Sometimes He uses subtle messages to prod us in the right direction. But sometimes when we ask for His guidance, He directly points something out to us. Last night as I was sitting in bed and reading my daily inspiration and daily meditation, I asked God that if there was something I really needed to know, please point it out to me. So I then go to my Bible and randomly open it. The first thing I read was 1 Corinthians 12:1-3 which reads
  • Now in regard to spiritual gifts, brothers, I do not want you to be unaware. You know how, when you were pagans, you were constantly attracted and led away to mute idols. Therefore I tell you that nobody speaking by the spirit of God says, "Jesus be accursed." And no one can say, "Jesus is Lord," except by the holy Spirit.
I thought that was interesting so I randomly opened it again. This time Ephesians 5:5 is what struck me.
  • Be sure of this, that on immoral or impure or greedy person, that is, an idolator, has any inheritance in the kingdom of Christ and of God.
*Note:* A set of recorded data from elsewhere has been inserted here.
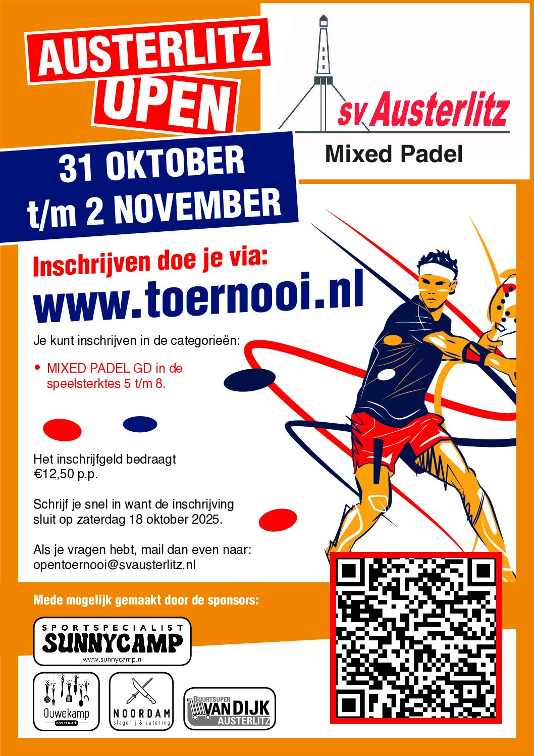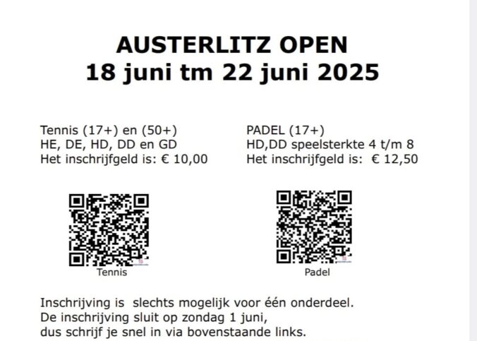 SV Austerlitz organiseert dit jaar weer het open Padel- en Tennistoernooi van woensdag 18 tot zondag 22 juni 2025. Organisatorisch zijn het 2 aparte toernooien waarvoor je je ook separaat kunt inschrijven. Het padeltoernooi (17+) is voor HD, DD en…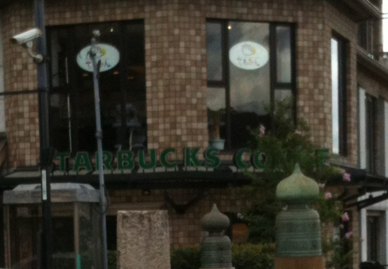 こちらのお店は三条大橋の西側にあって鴨川沿いです。ということで、夏期はなんと川床を利用できるスタバなんです(川床の席の追加料金はありません)。いろんなところでスタバを利用していますが、利用価値としてはこちらのお店がナンバーワンかも。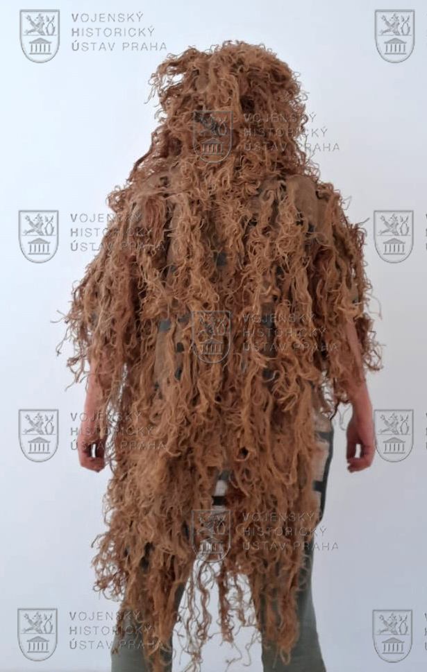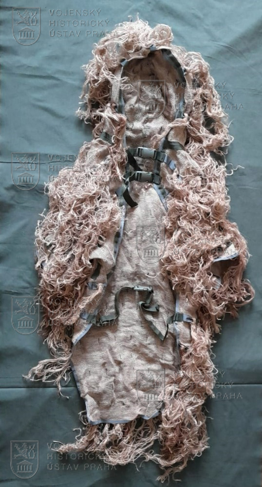 Maskovací převlečník je vyroben z jutové pytloviny, obšité zesilujícím lemem. Pro snadné oblékání přes stejnokroj a výstroj je vpředu zapínání pomocí plastových přezek. Převlečník kryje hlavu, záda a ramena, přední část je volná a umožňuje snadný přístup k vestě či nosnému systému. Celý povrch je pošit poutky, na nichž jsou navázány jutové provázky.

So I decided to try it one more time and went for something in the Old Testament. Here is the passage that I read from 1 Kings 11: 4-10
  • When Solomon was old his wives had turned his heart to strange gods, and his heart was not entirely with the Lord, his God, as the heart of his father David had been. By adoring Astarte, the goddess of the Sidonians, and Milcom, the idol of the Ammonites, Solomon did evil in the sight of the Lord; he did not follow him unreservedly as his father David had done. Solomon then built a high place to Chemosh, the idol of Moab, and to Molech, the idol of the Ammonites, on the hill opposite Jerusalem. He did the same for all his foreign wives who burned incense and sacrificed to their gods. The Lord, therefore, became angry with Solomon, because his heart was turned away from the Lord, the God of Israel, who had appeared to him twice (for though the Lord had forbidden him this very act of following strange gods, Solomon had not obeyed him.)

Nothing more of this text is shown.